The Board of Directors of the Company, subject to the receipt of any required approvals of the OTS, may decrease or increase any of the purchase limitations set forth in this Plan, provided that the maximum purchase limitations may not be increased to a percentage in excess of 5% of the shares issued in the Offering  except as provided below. If the Company increases the maximum purchase limitations, the Company is only required to resolicit Persons who subscribed for the maximum purchase amount in the Subscription Offering and may, in the sole discretion of the Company, resolicit certain other large subscribers.

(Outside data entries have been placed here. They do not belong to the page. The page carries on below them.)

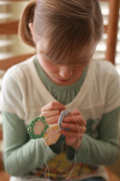 She still is learning how to stitch her hexagons around the paper pieces, but she can sew them together using a very neat little blanket type stitch.
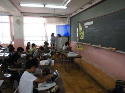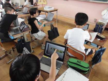 低学年の子どもたちは夏の生き物さがしに夢中ですが、4年生は理科で夏の生き物について調べていました。
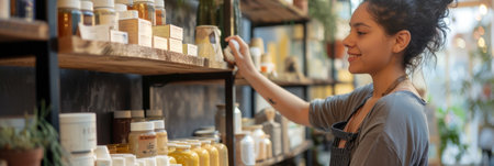 a Hispanic small business owner organizing products on shelves in a cozy boutique

Such limitation may be further increased to 9.99%, provided that orders for Company Common Stock exceeding 5% of the shares of Company Common Stock issued in the Offering shall not exceed in the aggregate 10% of the total shares of Company Common Stock issued in the Offering.
   
 8.
For purposes of this Section 9, (i) Directors, Officers and Employees of the Bank, the Company and the Mutual Holding Company or any of their subsidiaries shall not be deemed to be Associates or a group affiliated with each other or otherwise Acting in Concert solely as a result of their capacities as such, (ii) shares purchased by Tax-Qualified Employee Stock Benefit Plans shall not be attributable to the individual trustees or beneficiaries of any such plan for purposes of determining compliance with the limitations set forth in this Section 9, and (iii) shares purchased by a Tax-Qualified Employee Stock Benefit Plan pursuant to instructions of an individual in an account in such plan in which the individual has the right to direct the investment, including any plan of the Bank qualified under Section 401(k) of the Internal Revenue Code of 1986, as amended, shall be aggregated and included in that individual’s purchases and not attributed to the Tax-Qualified Employee Stock Benefit Plan.
   
 9.
Notwithstanding any other provision of this Plan, no Person shall be entitled to purchase any Common Stock to the extent such purchase would be illegal under any federal law or state law or regulation or would violate regulations or policies of the Financial Industry Regulatory Authority, particularly those regarding free riding and withholding.  The Company and/or its agents may ask for an acceptable legal opinion from any purchaser as to the legality of such purchase and may refuse to honor any purchase order if such opinion is not timely furnished.
   
 10.
The Board of Directors of the Company has the right in its sole discretion to reject any order submitted by a Person whose representations the Board of Directors believes to be false or who it otherwise believes, either alone or acting in concert with others, is violating, circumventing, or intends to violate, evade or circumvent the terms and conditions of this Plan.
   
 11.
The Company will make reasonable efforts to comply with the securities laws of all states in the United States in which persons entitled to subscribe for Common Stock pursuant to this Plan reside.  However, the Company and the Bank are not required to offer Common Stock to any Person who resides in a foreign country.
   
 12.
A minimum of 25 shares of Common Stock must be purchased by each Person purchasing shares in the Offering to the extent those shares are available; provided, however, that in the event the minimum number of shares of Common Stock purchased times the price per share exceeds $500, then such minimum  purchase requirement shall be reduced to such number of shares which when multiplied by the price per share shall not exceed $500, as determined by the Board of Directors.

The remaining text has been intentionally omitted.